No. Unemployment benefits are a separate program, run by the individual state
governments. (Social Security is run by the Federal government.)

> Re:401k wow. I cannot fathom a government preventing its citizens from
> saving more money for retirement.

You can save as much as you like for retirement outside of your 401k. The
limit on the 401k only puts a cap on how much you can save in tax-deferred
accounts.

------
jamil7
I doubt there are many, why would they pay the SF rates if they don't have to?

------
raztogt21
In my experience is hard. All the remote offers I had always take into
consideration that I live in México.

While the salary is like 5x what the average SE in México is paid, it is never
close to what my peers in California are earning.

------
mech422
Actually - many do... A lot of small companies/startups aren't setup deal with
varying costs of living and what a 'comparable' salary would be, so they just
pay what they would pay in the local market (SF).

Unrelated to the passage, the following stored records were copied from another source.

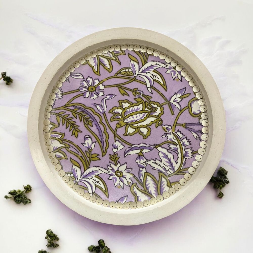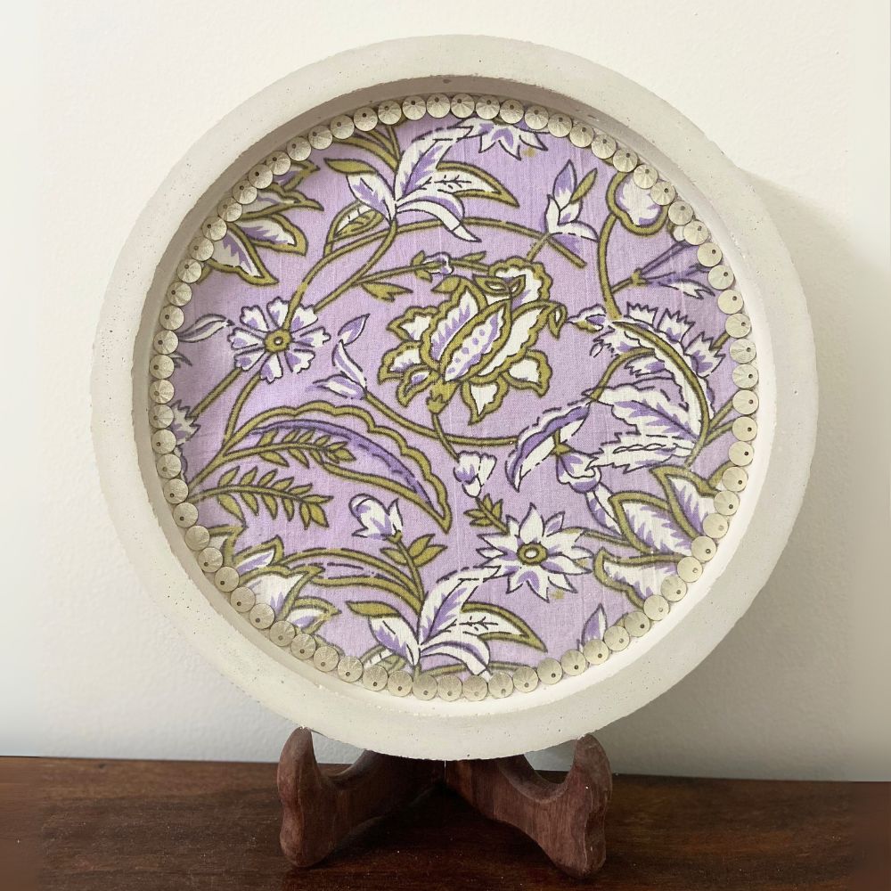 Elevate your interiors with this elegant Purple Cemented Plate for Home Decor, beautifully designed with intricate floral patterns. The soothing lavender base paired with earthy green detailing makes it a versatile accent piece for modern and traditional spaces alike. Perfect for wall displays, table styling, or gifting, this handcrafted plate adds timeless charm to your décor.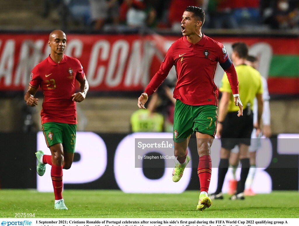 1 September 2021; Cristiano Ronaldo of Portugal celebrates after scoring his side's first goal during the FIFA World Cup 2022 qualifying group A match between Portugal and Republic of Ireland at Estádio Algarve in Faro, Portugal. Photo by Stephen McCarthy/Sportsfile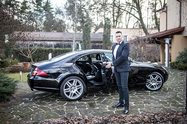Oferujemy usługę wynajmu Mercedesa CLS wraz z elegancko ubranym kierowcą na terenie woj. Mazowieckiego.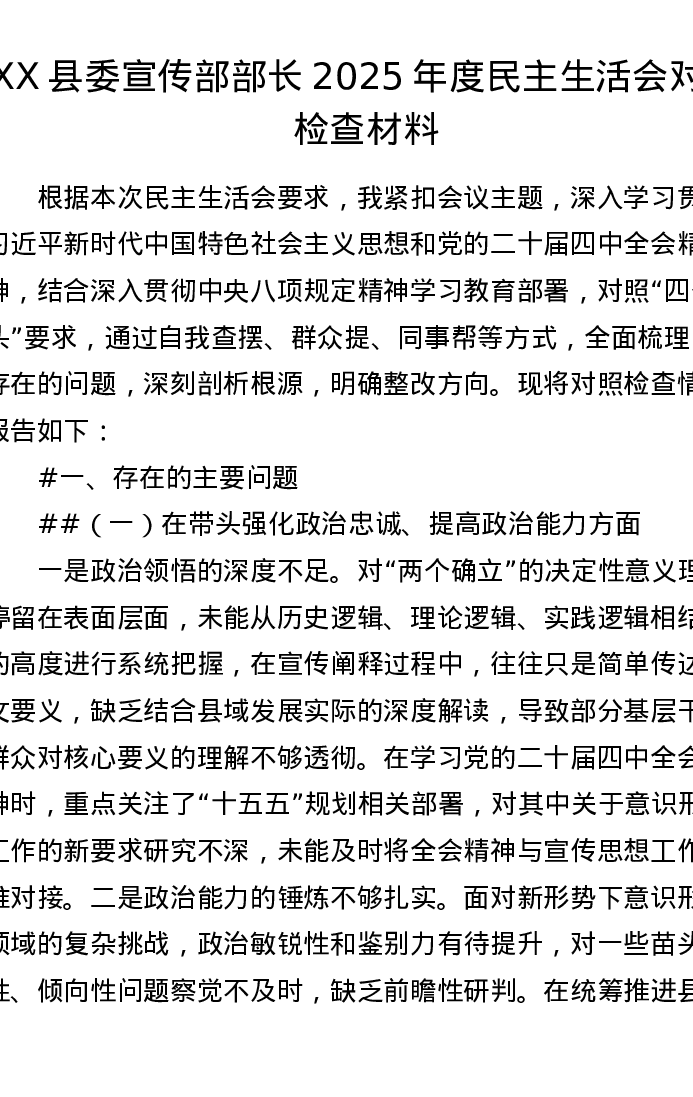 XX县委宣传部部长2025年度xxxxx对照检查材料(5912字)

 _edit_ : my bad, I missed the 'worldwide' part...I only have experience with
remote work in the U.S.

------
JoeCortopassi
If you want a well paying remote job, you need to avoid companies that
advertise remote work. 99% of the time they are trying to capture great talent
for less money. Instead just apply to well paying places, and prove you are a
worthwhile asset. Even companies that swear they are non-remote will usually
make an exception

Caveats: This usually only works if you're in the same country as the company
(legal/tax complications). Also, while you might get SF salary you will almost
never get SF stock comp, which is almost always worth as much as the salary

------
jppope
Pretty sure Basecamp pegs their salaries on Chicago rates...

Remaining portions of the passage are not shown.